Вспомнил и мать. Отношения с ней после смерти отца не ладились, так как Гарольд считал именно её повинной в маленькой трагедии. Десятилетний, он не мог понять причину частых скандалов и внезапное увлечение папы выпивкой. А затем, после очередной шумной ссоры, эта женщина сказала нечто, что не отложилось в памяти, но поразило мужа в самое сердце и заставило уйти в ночь. Вард так никогда и не узнал, было ли это самоубийство или роковая ошибка затуманенного алкоголем разума. Впрочем, такая постановка вопроса убитого горем мальчишки быстро изменилась, когда спустя всего две недели вместе с ними поселился чужой мужчина.
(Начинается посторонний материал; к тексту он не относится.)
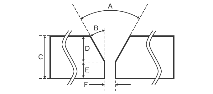 坡口的形狀對於焊接難易度、強度以及焊接量等有很大影響。坡口加工使用切削機進行,但如果坡口角度、根部面間隙、背墊板的間隙等不適當,可能導致焊接缺陷。
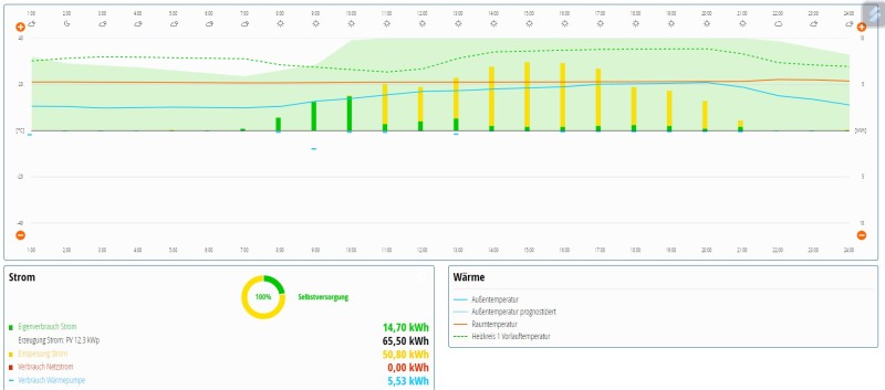 Ob wir tatsächlich bis Ende Jahr gleich viel Strom produziert haben, wie wir während des Jahres verbraucht haben, dürfte stark vom kommenden Herbst abhängig sein. Wird es früh sehr kühl, werde ich wohl die Wärmepumpe wieder einschalten. Damit wird der Stromverbrauch auch wieder sichtbar ansteigen. Die braune Kurve in obiger Darstellung wird ebenfalls wieder zu steigen beginnen, während die blaue Kurve der Stromerzeugung immer mehr abflacht.
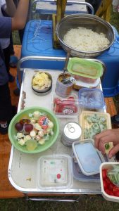 トッピングのゆで卵やトウモロコシ、ピクルスなども用意され皆さん豪華なカレーライスを堪能することができました。
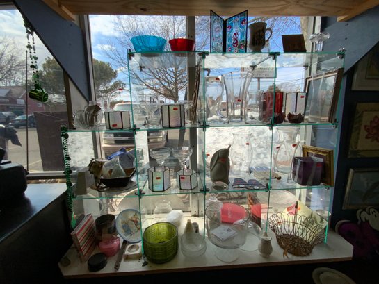 Large Assorted Item Lot, With Glass Display Cubby Unit
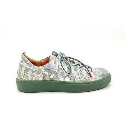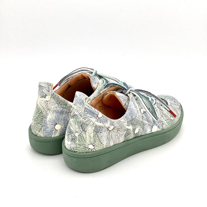 bequemer, sommerlicher Schnürschuh aus Leder aus der GRING-Reihe mit floralem Druck in blau-grün von Think!
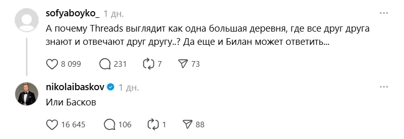 Всю последнюю неделю пользователи Threads* удивляются неожиданной активности отечественных звёзд в этой соцсети. В частности, за "захватом" запрещённого на территории РФ сервиса стоят Дмитрий Билан, Николай Басков и Григорий Лепс. Теперь в сети шутят, что некогда пустующая платформа превратилась в филиал "Золотого граммофона", а к вирусному тренду присоединяется всё больше селебрити.
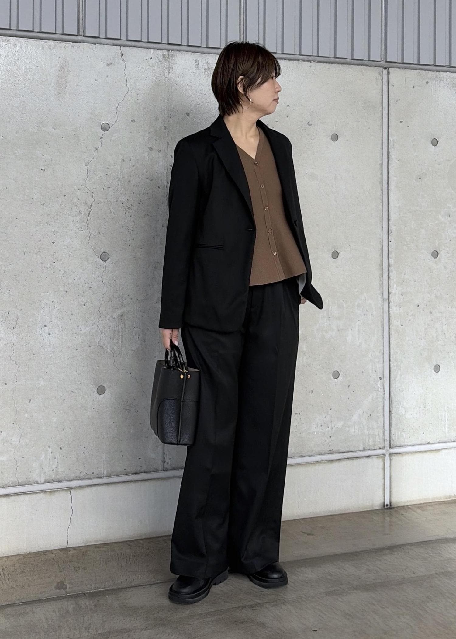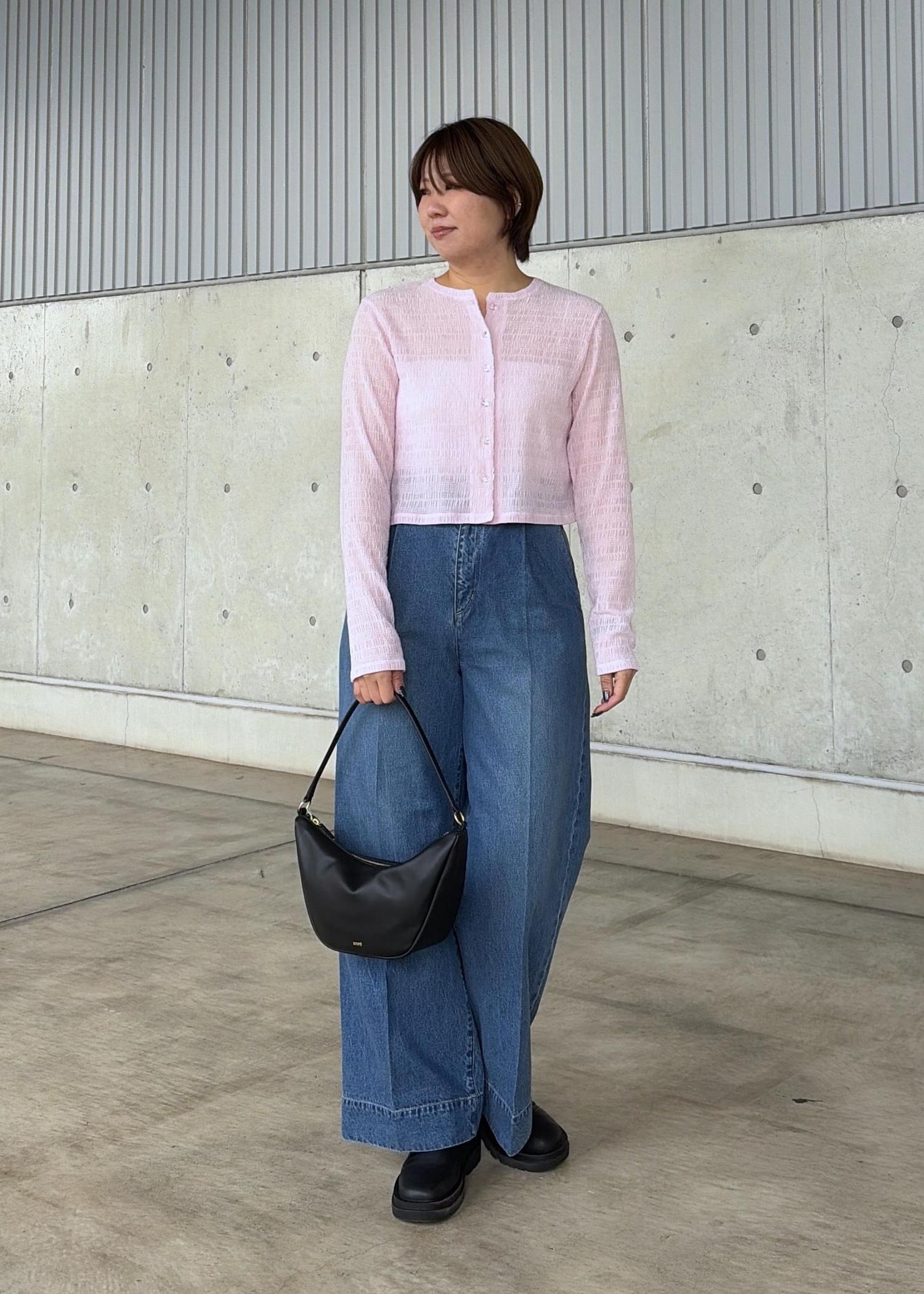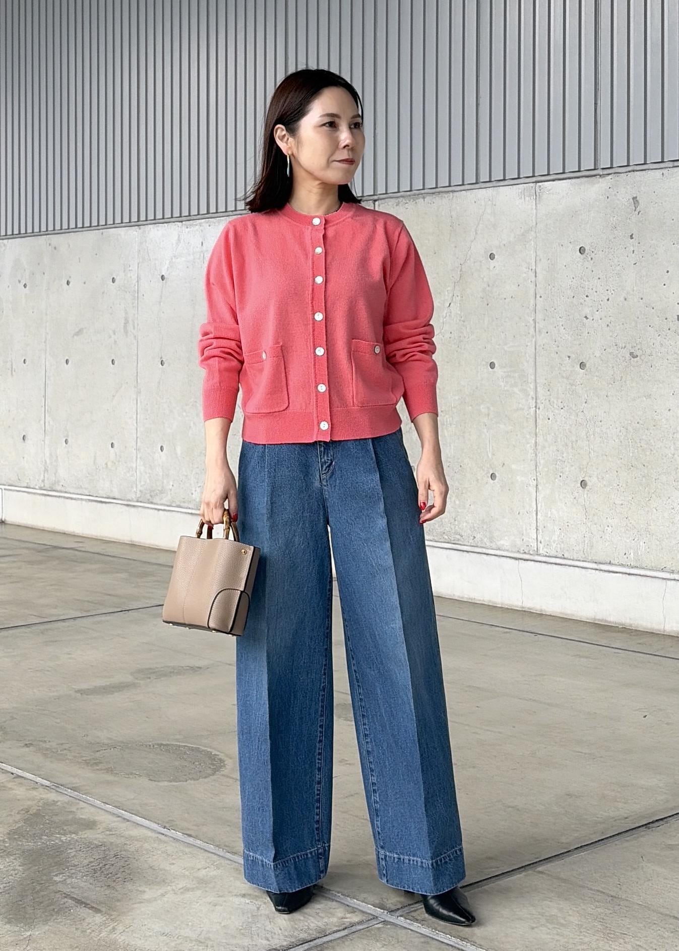 ハイウエストと、まっすぐなストレートシルエットで足長効果。

Вард ещё не понимал всех тонкостей отношений между полами, но прекрасно слышал о разводах из-за предательства. Стало понятно равнодушие матери к произошедшему и наигранная скорбь. Расколотый надвое мир породил незаживающую рану, и вдруг новый, сокрушительный удар снёс самое важное в жизни ребёнка – веру в любовь матери. Очернил священный образ несмываемым грехом предательства и убийства. И всё же, больше у Гарольда не было никого. Сколь бы сильно не замёрзла перегоревшая сыновья любовь, она не умерла полностью, пусть напоминала бледную, уродливую тень себя прежней.